(Records contained in a dataset)
== Segment start ==

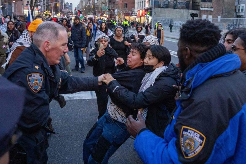 在美国纽约,有同情巴勒斯坦的示威者在国际妇女节(3月8日)举行抗议活动,堵住道路造成交通阻塞,被警方逮捕。(法新社)
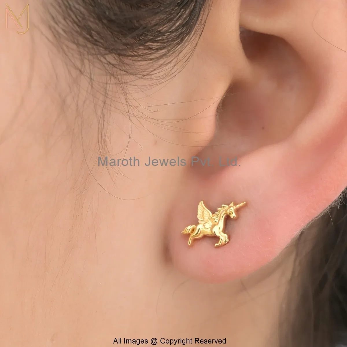 14K Yellow Gold Unicorn Stud Earring Jewelry Supplier
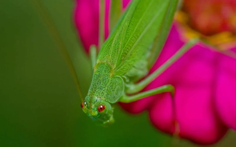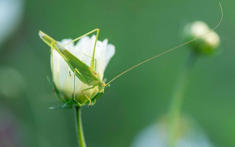 顔つきだけはキリギリスにも近い雰囲気があるのですが、食べるものは植物の新芽や花びらなど柔らかいところを好んで食べる食性です。
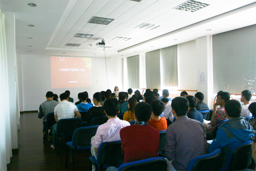為學(xué)習(xí)好新黨章內(nèi)容,研究生黨總支采取了提前分散學(xué)習(xí)和集中學(xué)習(xí)的方式。會(huì)前各個(gè)黨員同志自行閱讀黨章,會(huì)上劉佳為全體黨員做了黨章的詳細(xì)解讀。劉佳在報(bào)告中,首先對(duì)黨章做了簡要的介紹并回顧了黨章的歷史,講解了歷屆黨代會(huì)對(duì)黨章的修改,隨后重點(diǎn)講解了十八大對(duì)新黨章在各方面的修改,并帶領(lǐng)大家進(jìn)行新黨章除“總綱”外共十一章,五十三條的內(nèi)容導(dǎo)讀,一起掌握黨章的核心內(nèi)容,加深對(duì)黨章修訂重要意義的理解。最后,劉佳對(duì)“兩學(xué)一做”學(xué)習(xí)教育活動(dòng)的重要意義做了說明,她強(qiáng)調(diào)“兩學(xué)一做”學(xué)習(xí)教育是繼黨的群眾路線教育實(shí)踐活動(dòng)、“三嚴(yán)三實(shí)”專題教育之后開展的又一次黨內(nèi)教育活動(dòng),開展“兩學(xué)一做”學(xué)習(xí)教育進(jìn)一步解決黨員隊(duì)伍在各方面存在的問題,對(duì)每一位黨員都有長期的教育意義。
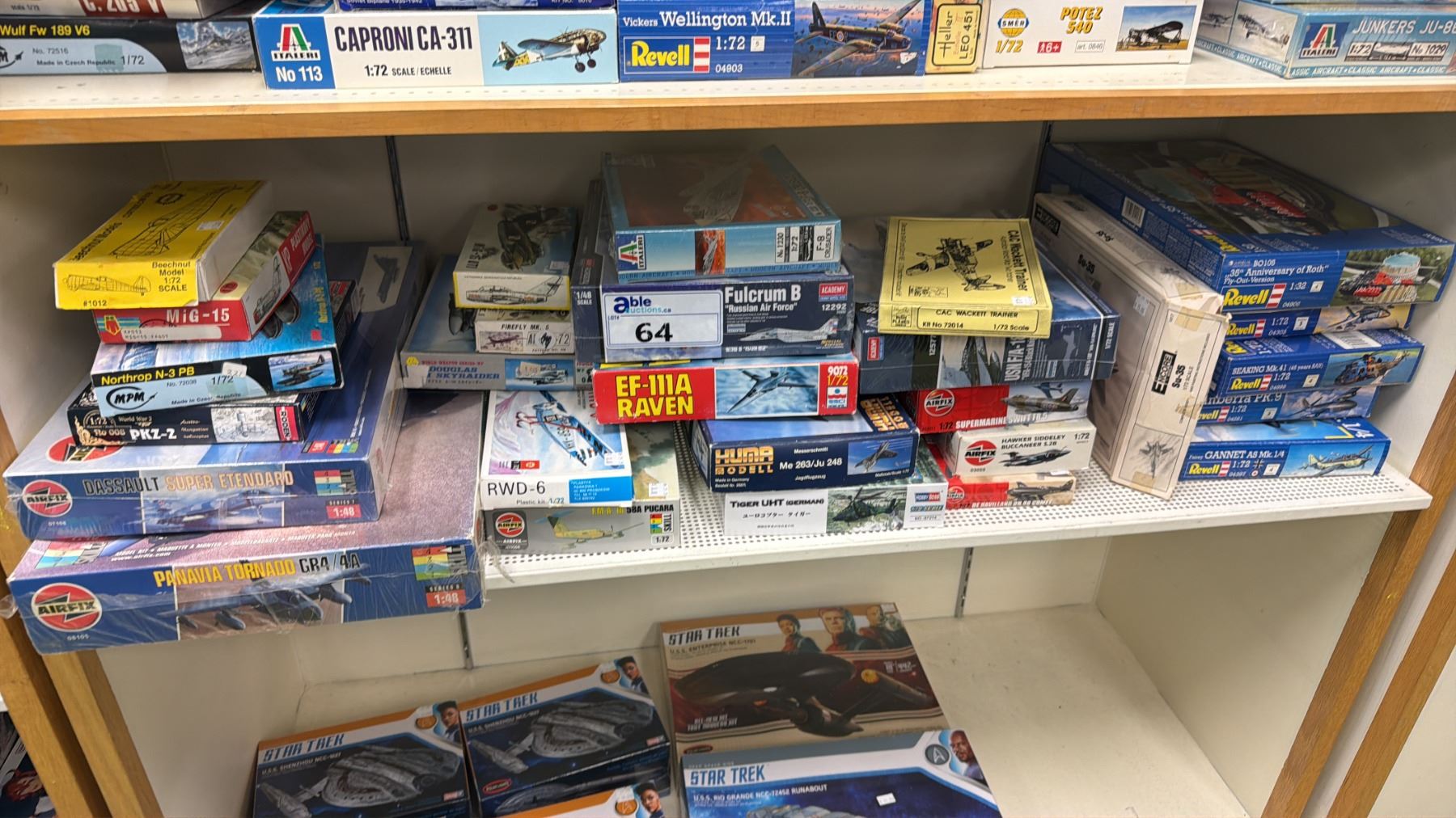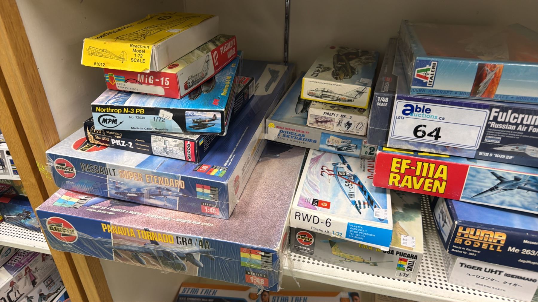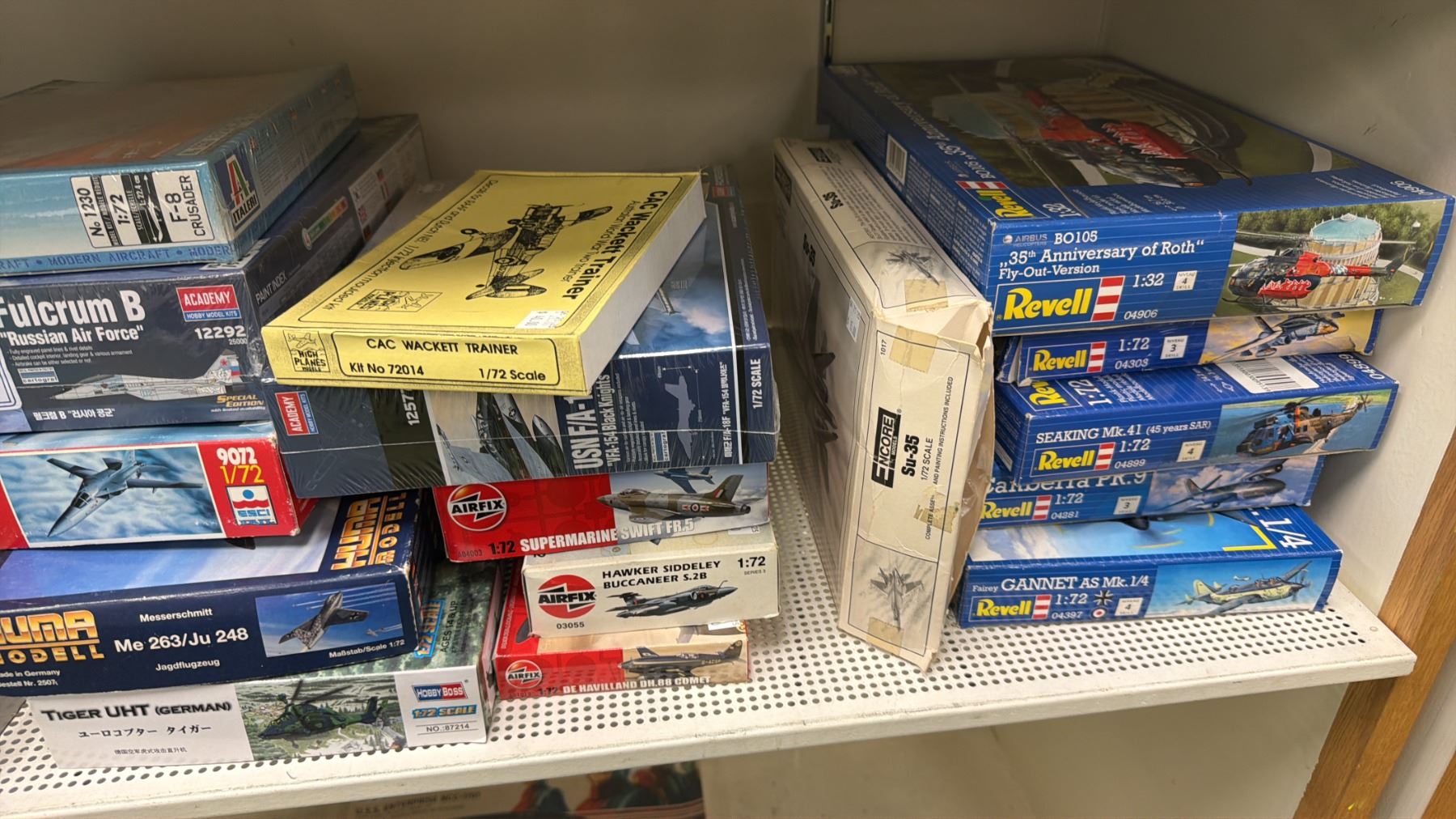 SHELF OF ASSORTED MODEL KITS INCLUDING; EF-111A RAVEN, PANAVIA TORNADO GR4, FULCRUM B RUSSIAN AIR FORCE & MORE

== Segment end ==

Each record must appear again exactly as written above, without its pictures.

→ Result of this task
 在美国纽约,有同情巴勒斯坦的示威者在国际妇女节(3月8日)举行抗议活动,堵住道路造成交通阻塞,被警方逮捕。(法新社)
 14K Yellow Gold Unicorn Stud Earring Jewelry Supplier
 顔つきだけはキリギリスにも近い雰囲気があるのですが、食べるものは植物の新芽や花びらなど柔らかいところを好んで食べる食性です。
為學(xué)習(xí)好新黨章內(nèi)容,研究生黨總支采取了提前分散學(xué)習(xí)和集中學(xué)習(xí)的方式。會(huì)前各個(gè)黨員同志自行閱讀黨章,會(huì)上劉佳為全體黨員做了黨章的詳細(xì)解讀。劉佳在報(bào)告中,首先對(duì)黨章做了簡要的介紹并回顧了黨章的歷史,講解了歷屆黨代會(huì)對(duì)黨章的修改,隨后重點(diǎn)講解了十八大對(duì)新黨章在各方面的修改,并帶領(lǐng)大家進(jìn)行新黨章除“總綱”外共十一章,五十三條的內(nèi)容導(dǎo)讀,一起掌握黨章的核心內(nèi)容,加深對(duì)黨章修訂重要意義的理解。最后,劉佳對(duì)“兩學(xué)一做”學(xué)習(xí)教育活動(dòng)的重要意義做了說明,她強(qiáng)調(diào)“兩學(xué)一做”學(xué)習(xí)教育是繼黨的群眾路線教育實(shí)踐活動(dòng)、“三嚴(yán)三實(shí)”專題教育之后開展的又一次黨內(nèi)教育活動(dòng),開展“兩學(xué)一做”學(xué)習(xí)教育進(jìn)一步解決黨員隊(duì)伍在各方面存在的問題,對(duì)每一位黨員都有長期的教育意義。
 SHELF OF ASSORTED MODEL KITS INCLUDING; EF-111A RAVEN, PANAVIA TORNADO GR4, FULCRUM B RUSSIAN AIR FORCE & MORE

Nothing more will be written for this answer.